╭─ DATA FOR THIS EXERCISE

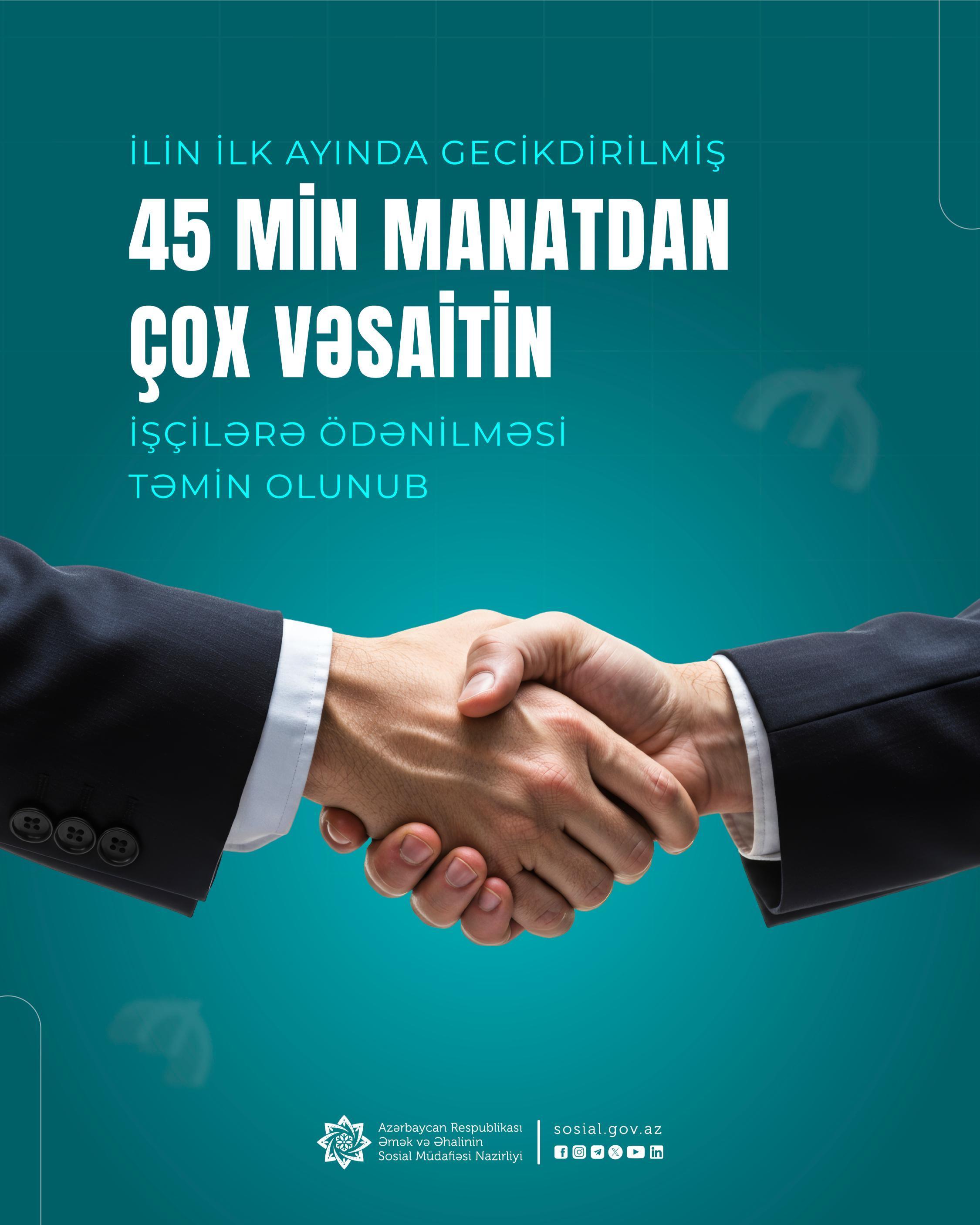 İlin ilk ayında gecikdirilmiş 45 min manatdan çox vəsaitin işçilərə ödənilməsi təmin olunub
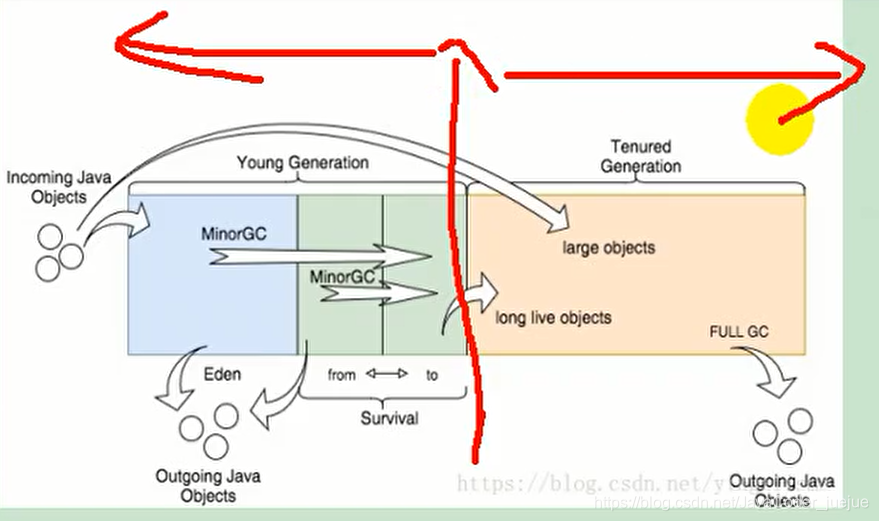 我们先来屡屡,为什么需要把堆分代?不分代不能完成他所做的事情么?其实不分代完全可以,分代的唯一理由就是优化GC性能。你先想想,如果没有分代,那我们所有的对象都在一块,GC的时候我们要找到哪些对象没用,这样就会对堆的所有区域进行扫描。而我们的很多对象都是朝生夕死的,如果分代的话,我们把新创建的对象放到某一地方,当GC的时候先把这块存“朝生夕死”对象的区域进行回收,这样就会腾出很大的空间出来。
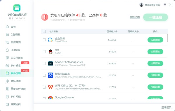 1、大部分功能均支持一键操作,极大地简化了用户的使用流程。即使是电脑操作经验不足的新手用户,也能轻松上手,快速完成系统清理和优化任务。
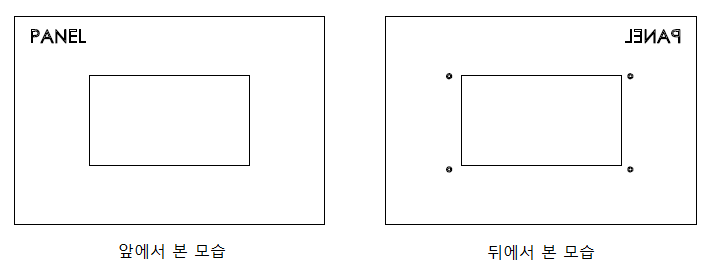 3. 판넬 뒤쪽에서 판넬 지지대에 볼팅을 합니다. 이때 조립 공차가 있으므로 판넬 앞쪽에서 LCD 창의 센터와 판넬 컷의 센터가 적절히 맞도록 확인하면서 볼팅합니다.
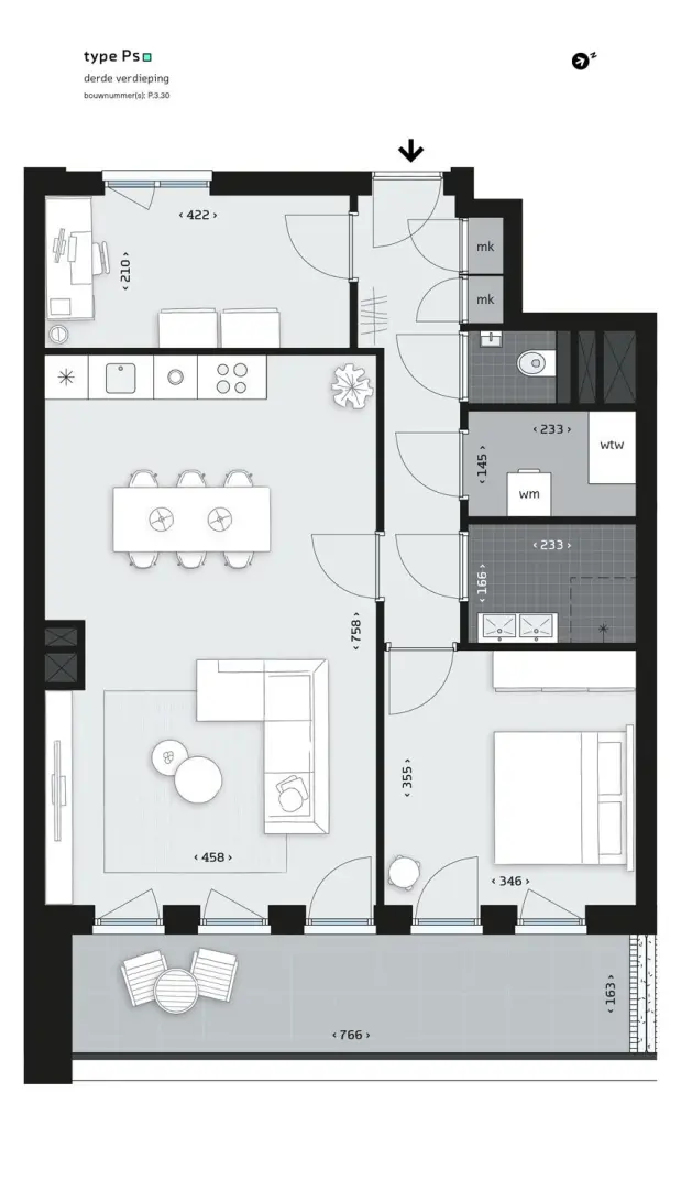 With a living area around 74-75 m², these are nicely laid-out flats. All count two bedrooms, a bathroom, separate toilet and fine living with kitchen area. Types Pp and Ps have a terrace of up to 14 m² across the entire width of the apartment! Type Pz has a nice balcony where you can enjoy the afternoon sun.
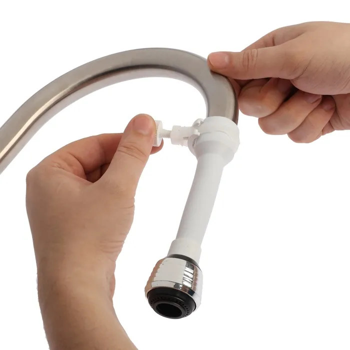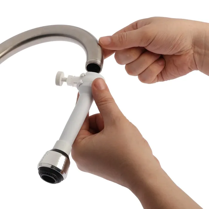 Аэратор ZEIN с белым гибким шлангом на хомуте — универсальное решение для оптимизации водопотока.

╰─

Please write out all of the data verbatim, with no pictures in the copy.

● **SOLUTION TO THIS EXERCISE**
 İlin ilk ayında gecikdirilmiş 45 min manatdan çox vəsaitin işçilərə ödənilməsi təmin olunub
 我们先来屡屡,为什么需要把堆分代?不分代不能完成他所做的事情么?其实不分代完全可以,分代的唯一理由就是优化GC性能。你先想想,如果没有分代,那我们所有的对象都在一块,GC的时候我们要找到哪些对象没用,这样就会对堆的所有区域进行扫描。而我们的很多对象都是朝生夕死的,如果分代的话,我们把新创建的对象放到某一地方,当GC的时候先把这块存“朝生夕死”对象的区域进行回收,这样就会腾出很大的空间出来。
 1、大部分功能均支持一键操作,极大地简化了用户的使用流程。即使是电脑操作经验不足的新手用户,也能轻松上手,快速完成系统清理和优化任务。
 3. 판넬 뒤쪽에서 판넬 지지대에 볼팅을 합니다. 이때 조립 공차가 있으므로 판넬 앞쪽에서 LCD 창의 센터와 판넬 컷의 센터가 적절히 맞도록 확인하면서 볼팅합니다.
 With a living area around 74-75 m², these are nicely laid-out flats. All count two bedrooms, a bathroom, separate toilet and fine living with kitchen area. Types Pp and Ps have a terrace of up to 14 m² across the entire width of the apartment! Type Pz has a nice balcony where you can enjoy the afternoon sun.
 Аэратор ZEIN с белым гибким шлангом на хомуте — универсальное решение для оптимизации водопотока.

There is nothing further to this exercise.